Further Elements of Reform

The federal government and independent groups have recognized the need for additional elements of shareholder proposal reform. Both the Chamber of Commerce and the Business Roundtable have recommended that disclosure and resubmission requirements be strengthened, and the Business Roundtable has advocated raising the eligibility requirements as well. Increases in the ownership eligibility and resubmission thresholds are key elements of the shareholder proposal reforms contained in the Financial CHOICE Act of 2017, which passed the House of Representatives in June but is stalled in the Senate. The U.S. Department of Treasury released in October a report recommending revisions to the eligibility and resubmission thresholds in order to promote shareholder accountability and reduce unnecessary costs. In remarks earlier this month, at the PLI 49th Annual Institute on Securities Regulation, Chairman Clayton noted with respect to shareholder proposal reform that ownership and resubmission requirements are of particular interest to many.

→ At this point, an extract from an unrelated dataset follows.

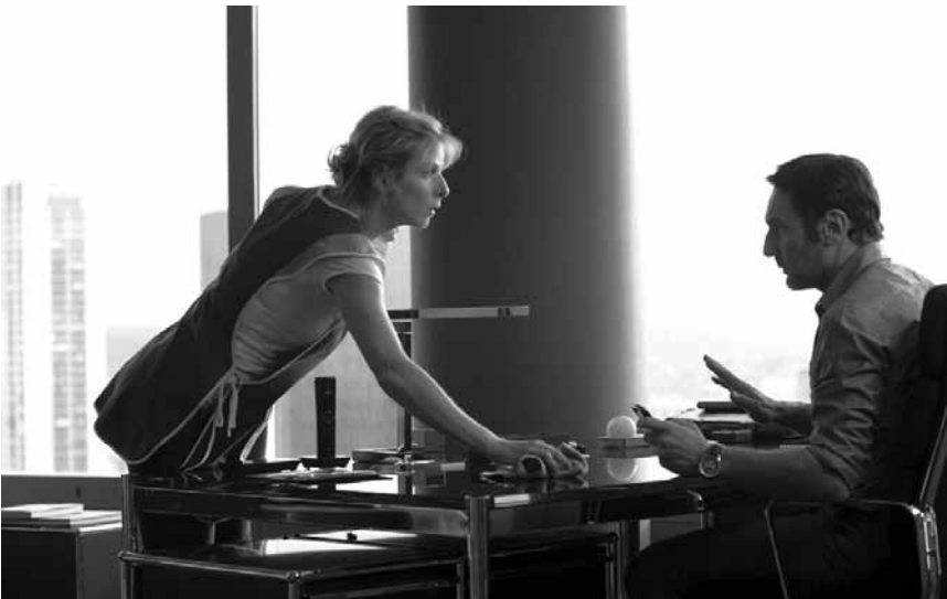
La femme de ménage en sait un peu plus qu'il ne croit : « Ma part du gâteau », le nouveau film de Cédric Klapisch, à l'Utopia.

USA 2010 von Darren Aronofsky. Mit Natalie Portman, Mila Kunis und Vincent Cassel. 103'. O.-Ton, fr. + nl. Ut. Ab 12.

Every aspect of the shareholder proposal process has come under fire from interested organizations, particularly since the controversial SLB 14H in 2015. Eligibility and resubmission requirements, disclosure requirements, a range of exceptions, proposals by proxy, and the use of graphs and images in proposals (which latter two were addressed in SLB 14I), and the SEC’s no-action process itself have been cited as contributing to a situation that is burdensome and counterproductive for the average investor. Yet under the right regulatory regime, shareholder proposals can be a valuable piece of the corporate governance framework. SEC Chairman Clayton has expressed support for the type of shareholder proposals that, despite their short-term costs, can ultimately lead to improvements in corporate governance, and he appears committed to reshaping the shareholder proposal process into one that adds value for investors.

As Chairman Clayton observed in his remarks at the PLI, “the shareholder proposal process is a corporate governance issue that is subject to diverse and deeply held beliefs.” To successfully reconcile competing views in governance and shareholder engagement issues generally, Chairman Clayton’s focus on “serving the long-term interests of Main Street investors” is the right approach. As boards of directors are the primary guardians of and advocates for long-term shareholder value in our economy, the SEC is wise to elevate their role in this important area of corporate governance. SLB 14I is a first step in the right direction toward meaningful 14a-8 reform.